* _What this task involves_
Among the lines below, output only those between the line holding "단기 포트폴리오를 구성할" and the line holding "With 3rd party", inclusive, exactly as written and with no pictures.

* _Records shown_

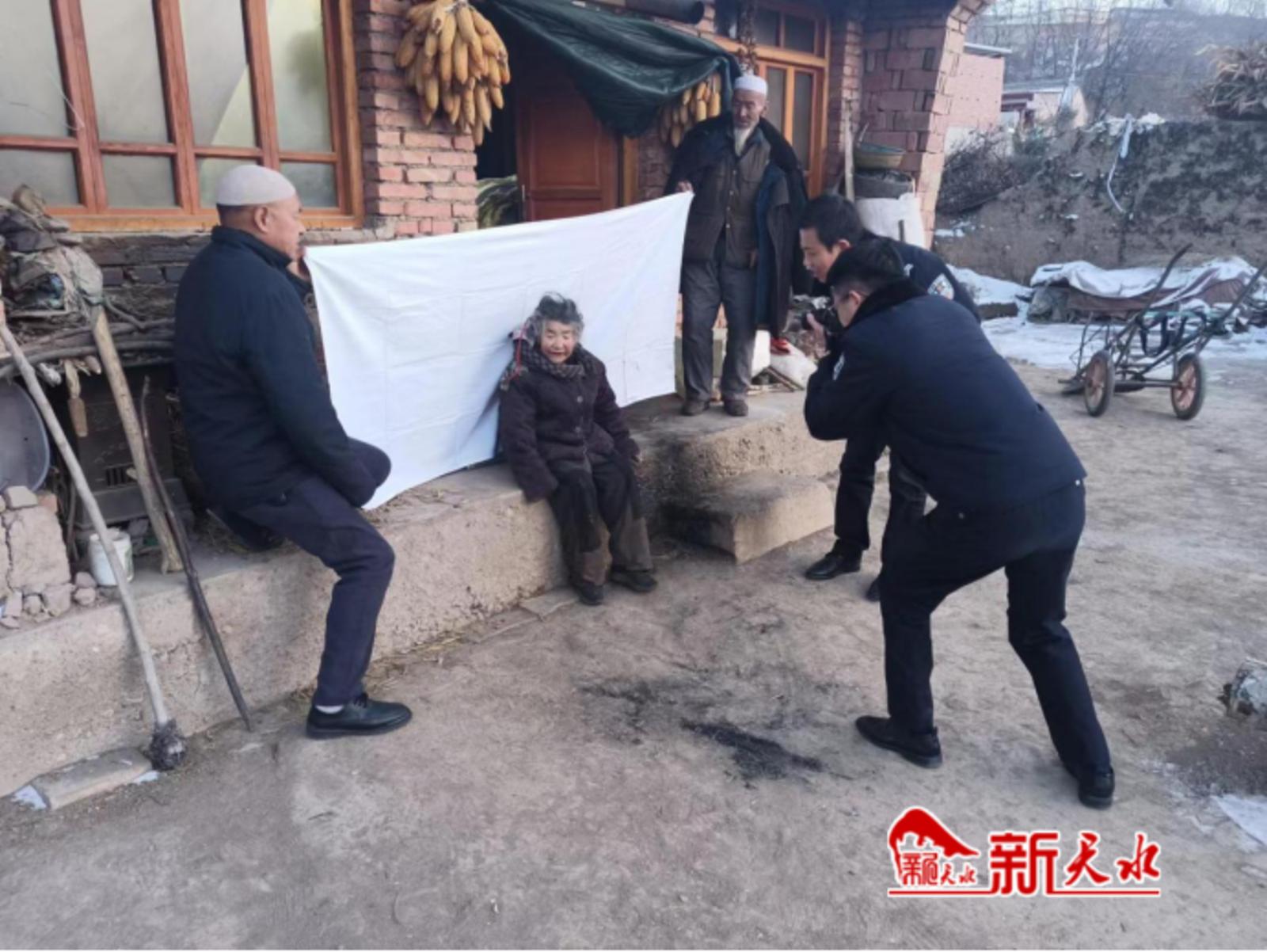 新天水讯【记者王晓华】为了切实解决辖区老年人、残疾人等特殊人群的实际困难,近日,张家川县公安局川王派出所持续开展“百万警进千万家”活动,上门为多名出行不便的老年人采集相片并办理了身份证。
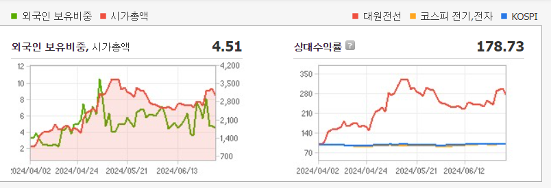 단기 포트폴리오를 구성할 때는 시가 총액과 장중 거래량을 살펴봐야 합니다. 대원전선의 시가 총액은 3194억 원이며 장중 거래량은 18,976,040원 을 기록했습니다. 대주주의 정보는 크게 중요하지 않을 수도 있지만 장기적인 관점에서는 확인하는 것이 좋겠습니다.
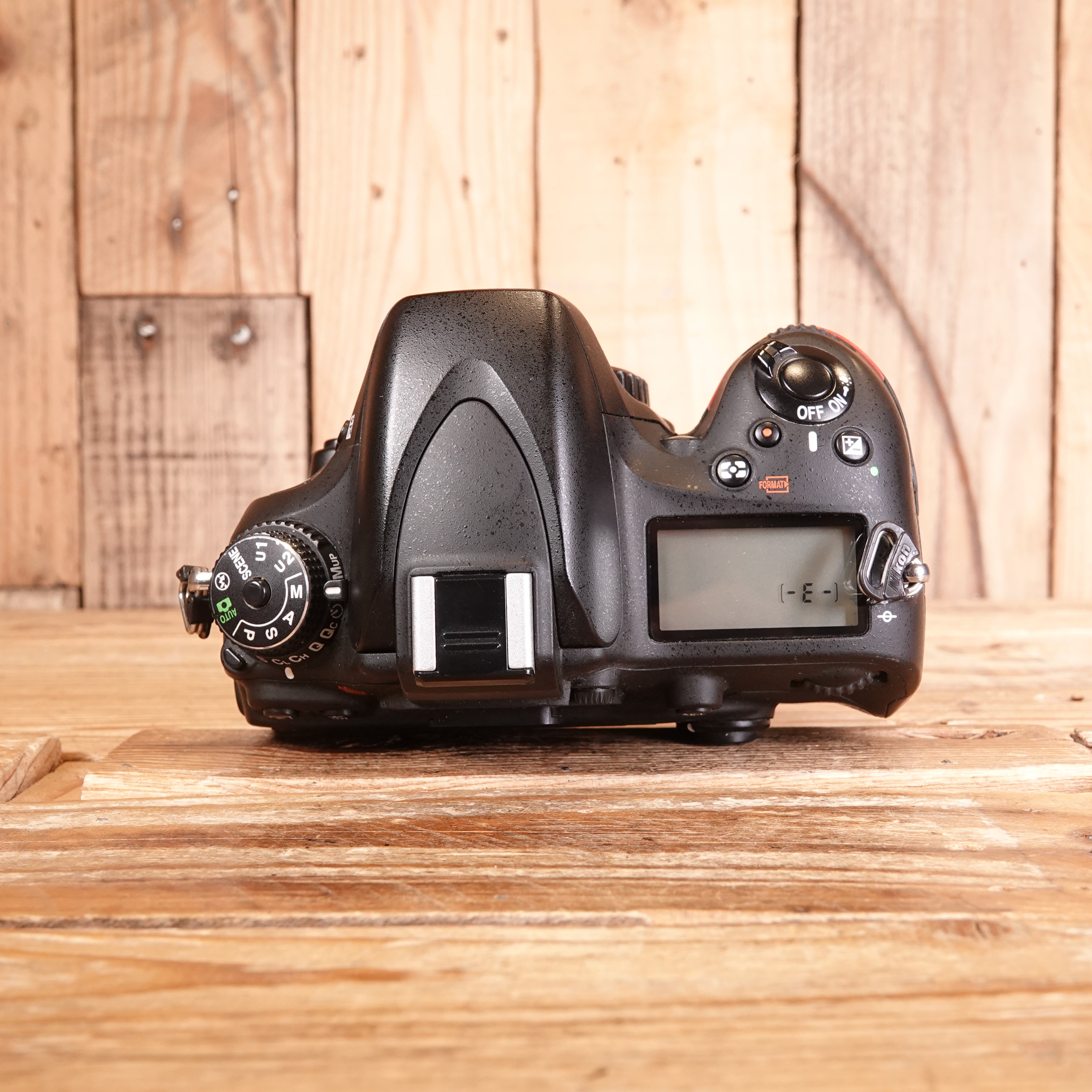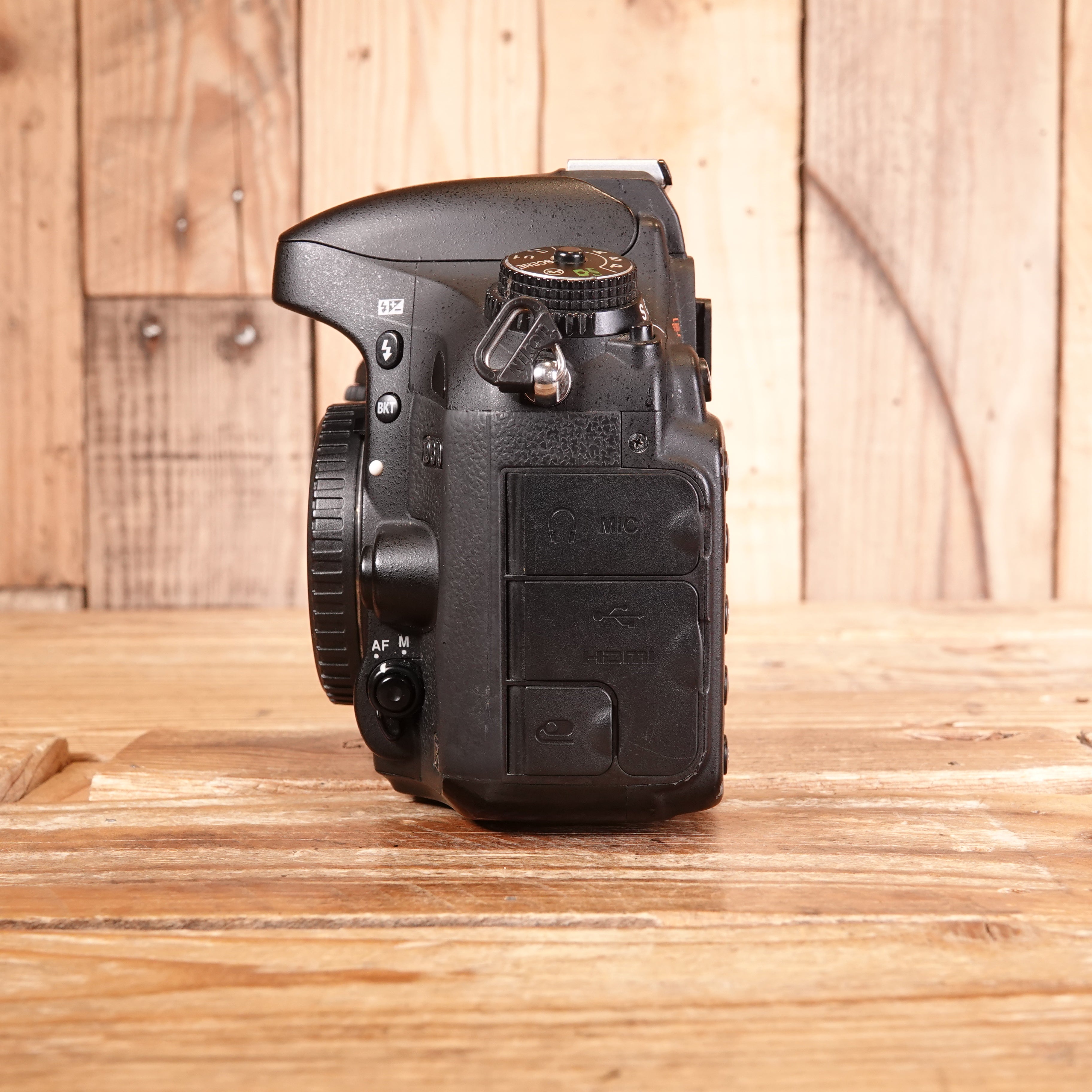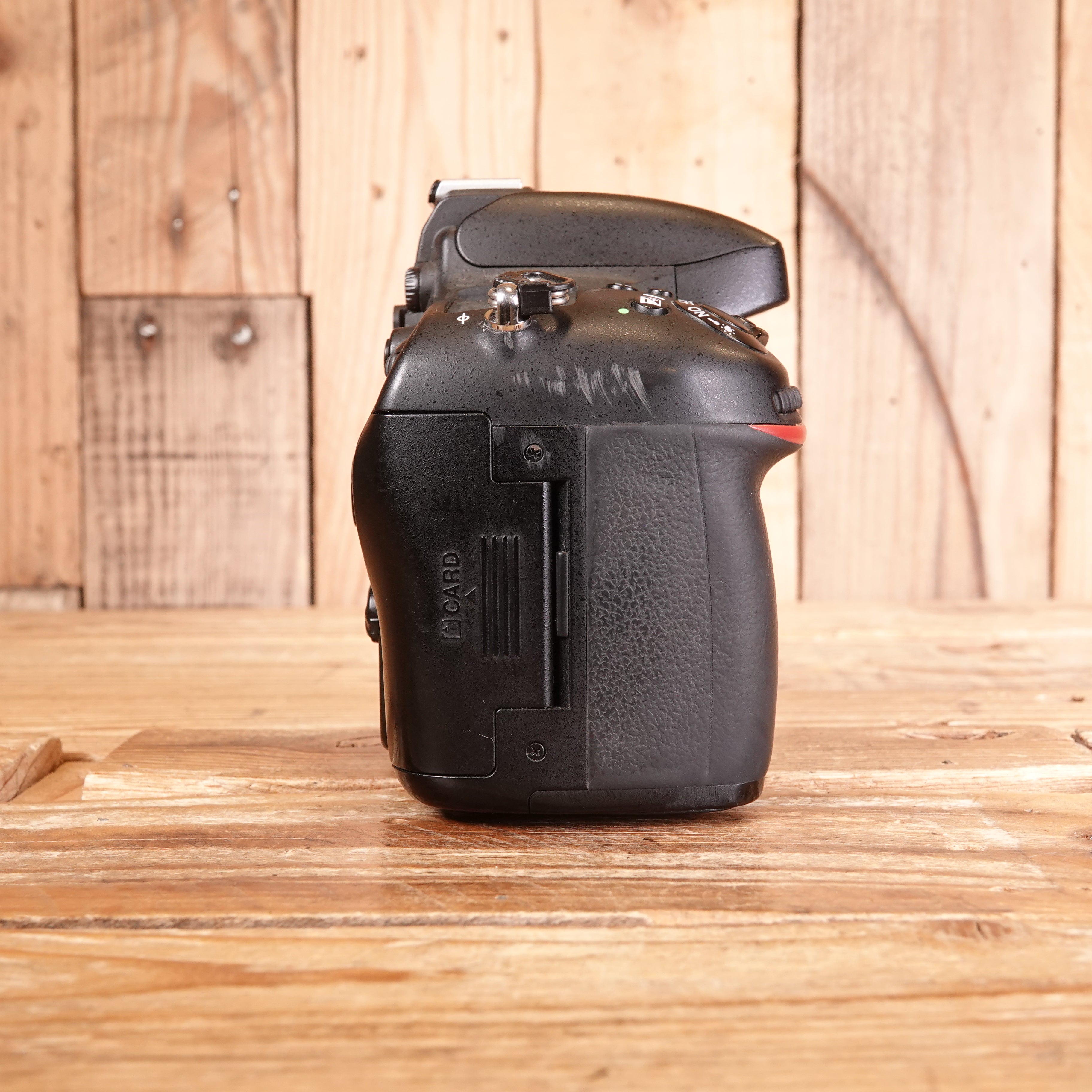 With 3rd party strap, scuffs to the side of the camera and is missing the eyecup
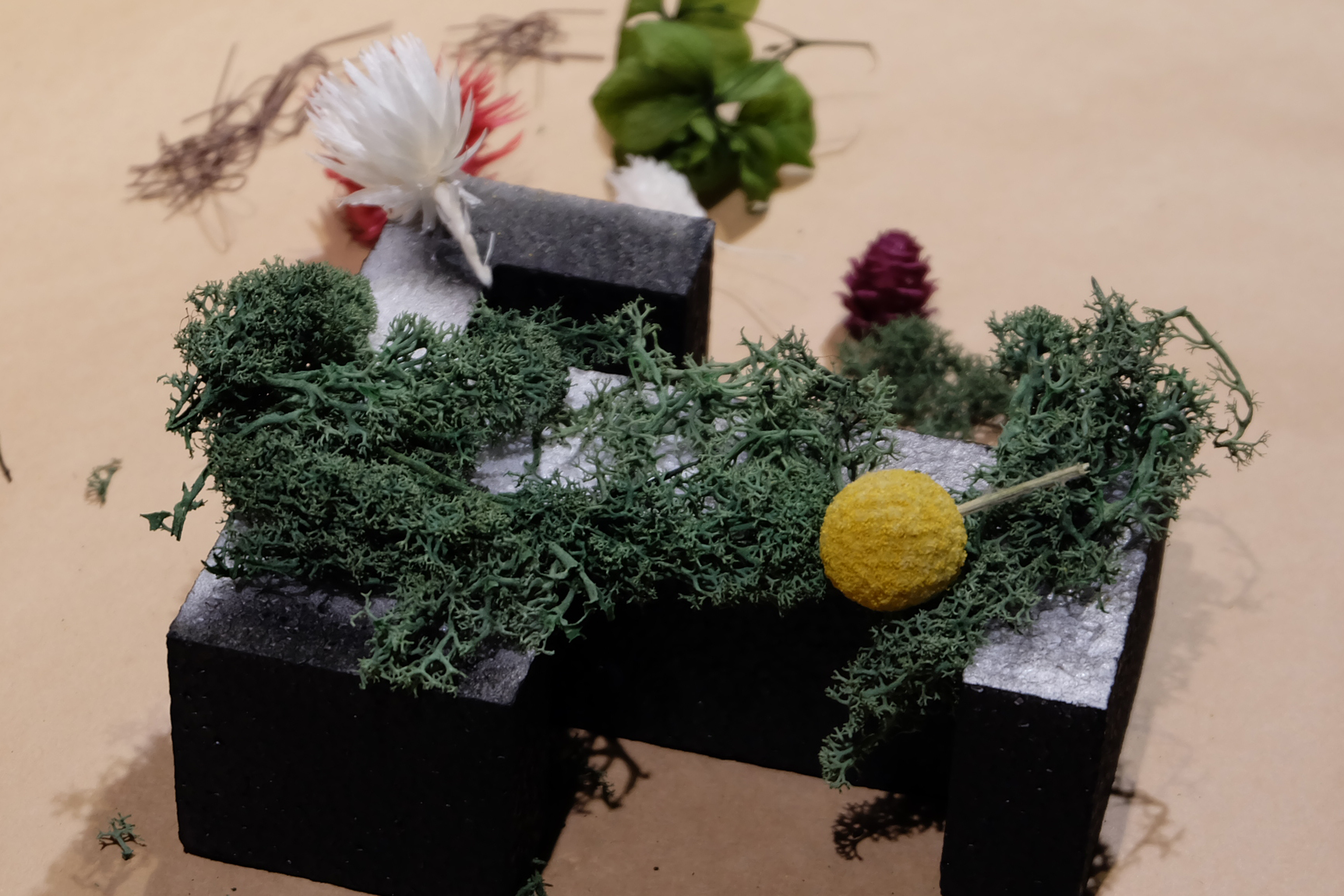 ワイヤー(Uピン)を使って花を押さえます。モスと花を交互に挿していき、パズルのように面を埋めて成形していきます。 |
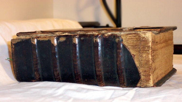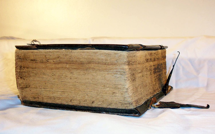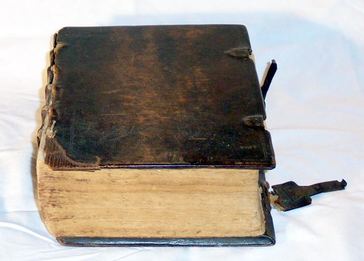 Ms. Durnbaugh said that the Bible is in good shape because it has no mold and that the first two parts of this kind of Bible to go are the latches and the front cover (which have happened in this case). The paper is made from rye, and is, therefore, durable.
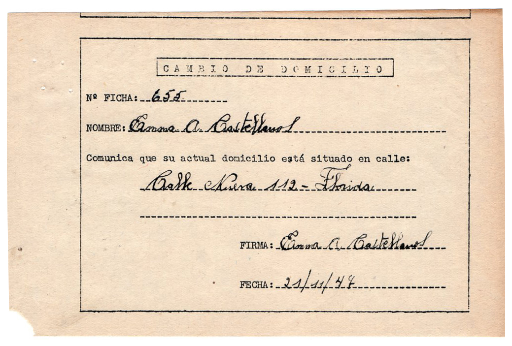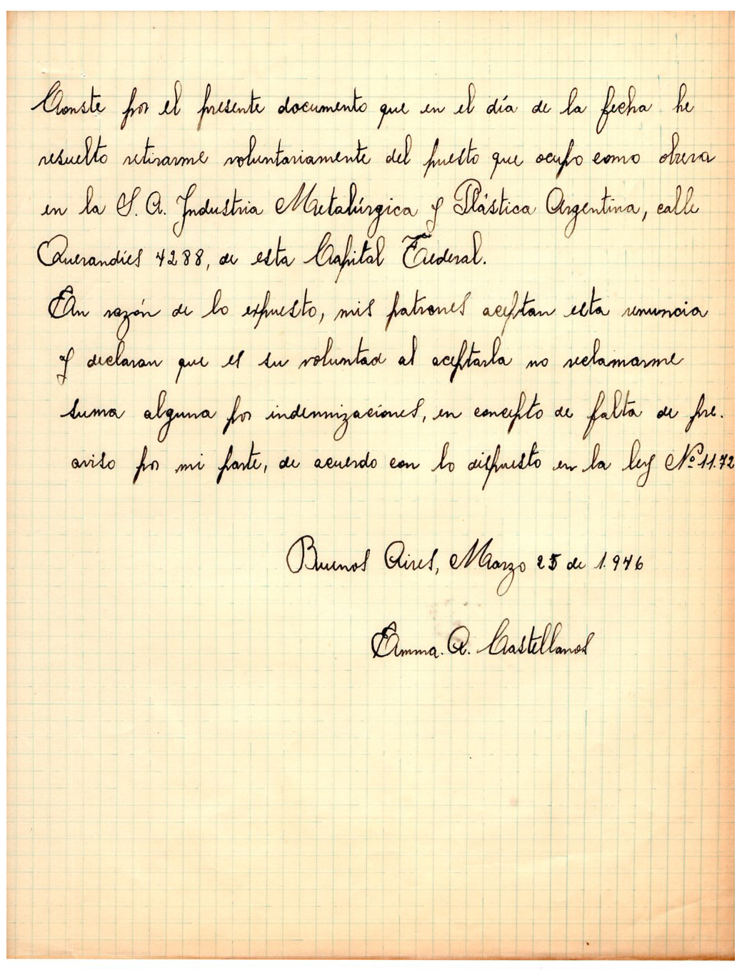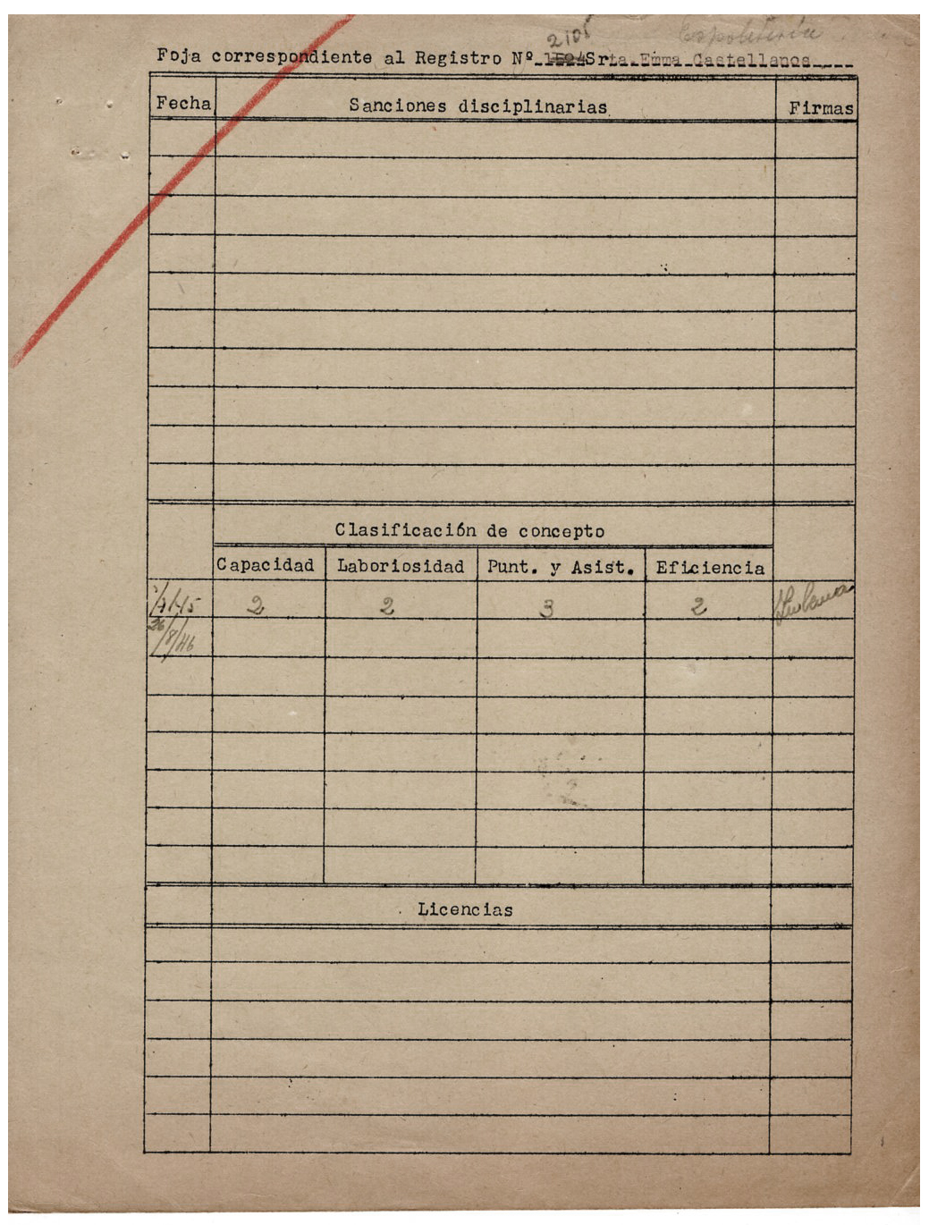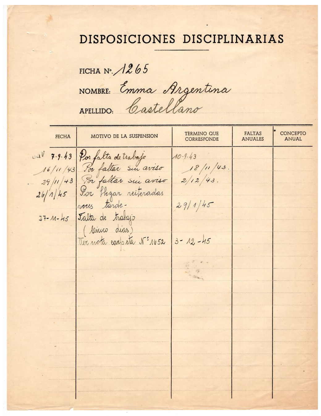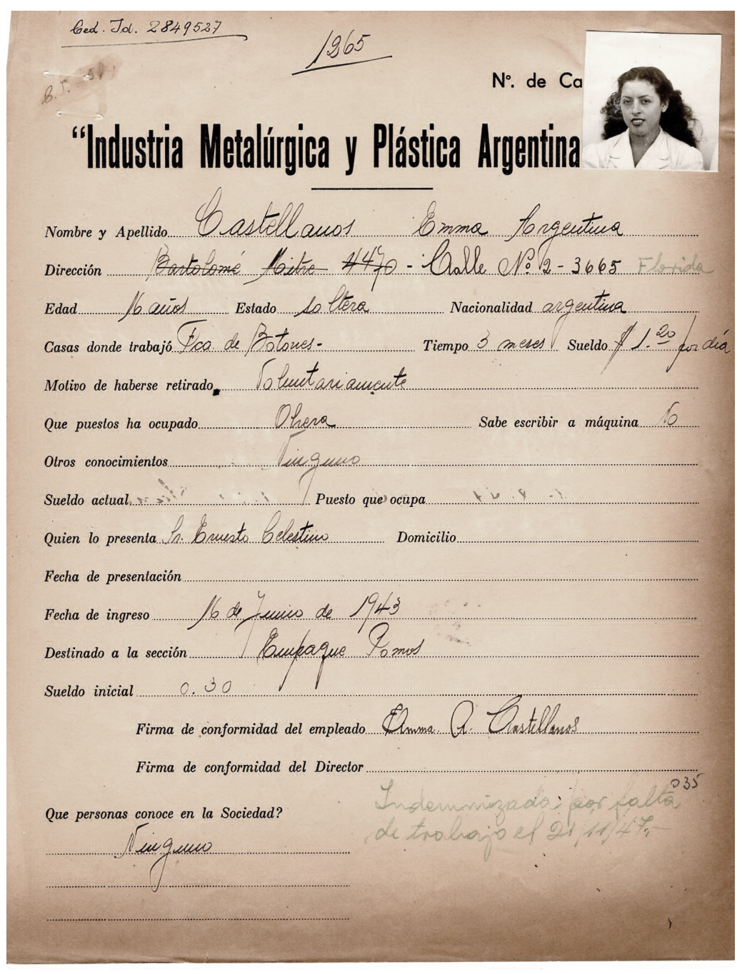 FECHA DE NACIMIENTO: 1927. EDAD AL INGRESO: 16 años. SEDE: Querandíes. ÁREA DE TRABAJO: Empaque de pomos. FECHA DE EGRESO: 21/11/1947. NACIONALIDAD: argentina. SUELDO INICIAL: 0,30 por hora. ESTADO CIVIL: Soltera. ESTUDIOS: Primarios. EMPRESA ANTERIOR: Fábrica de botones.

* _Answer below_
 단기 포트폴리오를 구성할 때는 시가 총액과 장중 거래량을 살펴봐야 합니다. 대원전선의 시가 총액은 3194억 원이며 장중 거래량은 18,976,040원 을 기록했습니다. 대주주의 정보는 크게 중요하지 않을 수도 있지만 장기적인 관점에서는 확인하는 것이 좋겠습니다.
 With 3rd party strap, scuffs to the side of the camera and is missing the eyecup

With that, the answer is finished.